In policymaking terms, with our results identifying great disparities in R&D across regions and taking into account the benefits from that investment, we recommend a revision of the Interterritorial Compensation Fund, established in Spain precisely to reduce the disparities between regions in the 1980s. The introduction of R&D and intangibles, directed toward less innovative regions, would have a strong impact on R&D convergence and hence economic convergence. Furthermore, the fact that three out of the four clubs are below 1% of GDP in R&D expenditure terms illustrates the gap with the leading regions of Spain (The Basque Country, Madrid, Navarre and Catalonia, which are also leaders in the Spanish regional talent map by COTEC-Ivie 2021) and also with the European average, which has an impact on economic convergence. Along with the current objective of reaching 2% of GDP for the country as a whole, we also recommend agreeing on regional targets in a state-region collaborative framework.

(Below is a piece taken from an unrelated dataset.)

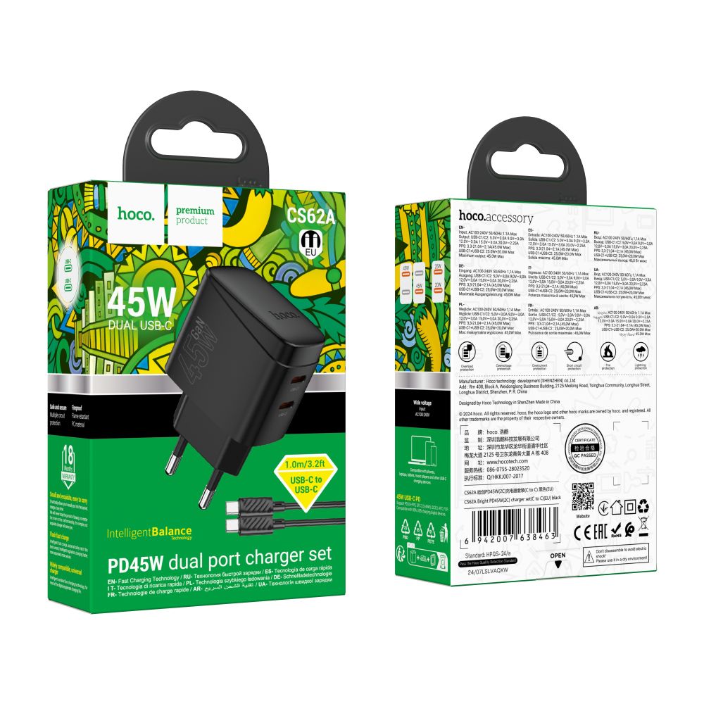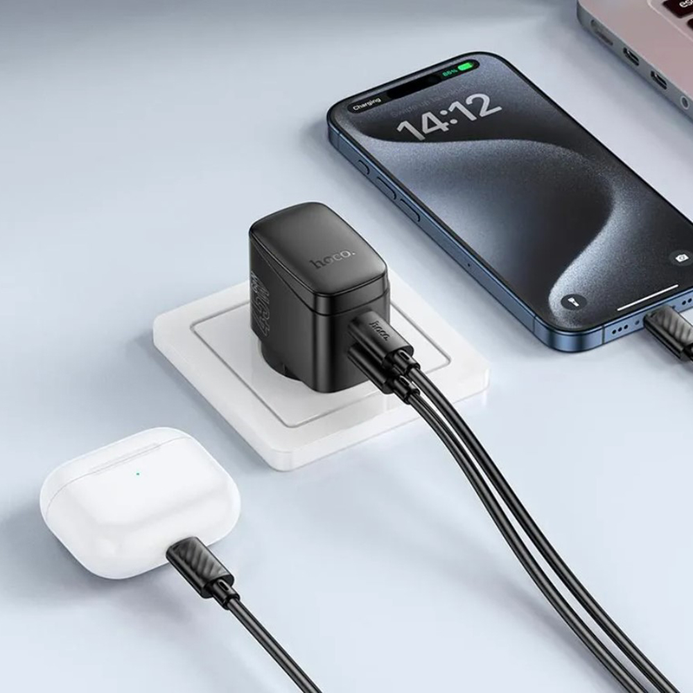 Hoco CS62A – это высокомощное и компактное зарядное устройство с двумя портами USB-C, которое использует технологию GaN (Галлий-нитрид) для повышенной производительности и эффективности. Благодаря поддержке Power Delivery (PD) и Quick Charge (QC) до 45 Вт, устройство обеспечивает максимально быструю и безопасную зарядку смартфонов, планшетов, ноутбуков и других гаджетов.

In addition, the results derived from the analysis of the economic crisis reflect the weakness of the regional efforts in R&D in the face of the crisis, despite the European funds received by the different regions of Spain during this period. For this reason, R&D and innovation policies should be reconsidered with a view to increasing resources and narrowing the gaps in the regional data, due to their effects on competitiveness and economic growth. Based on all these considerations, we recommend the creation of a Regional Development Committee in Spain, similar to the current Council for Fiscal and Financial Policy, to properly coordinate regional and cohesion measures, with a focus on R&D and innovation policies among others. Finally, it should also be remarked that the availability of data with a more disaggregated scale, at the local level, would be of great interest in policy terms but, unfortunately, they do not exist in the Spanish case. The elaboration of R&D statistics at the municipal level, at least for the main jurisdictions, is a challenge for the Spanish statistical system.

As regards future research, we suggest, at least, four areas of focus. First, this analysis can be extended from total expenditure to disaggregated expenditure by source of execution or financing, namely public sector, higher education and business and enterprise, as Blanco et al. (2020) did for the EU. Second, regarding the Fund mentioned above, it is necessary to make a reform proposal to position the fund at the centre of Spanish cohesion policy. Third, it would be helpful to study the consequences of Brexit on the European budget and hence the funds devoted to R&D and cohesion in the European Union and their effects on territories. And finally, the new European Funds, namely Next Generation EU,²³ with 750 billion euros for the 2021‒2026 period, are expected to have a major impact on R&D across countries and regions and analysis of them would also be interesting in the future.

Footnotes

Acknowledgments

We are clearly indebted to the Editor and referees for useful comments and suggestions.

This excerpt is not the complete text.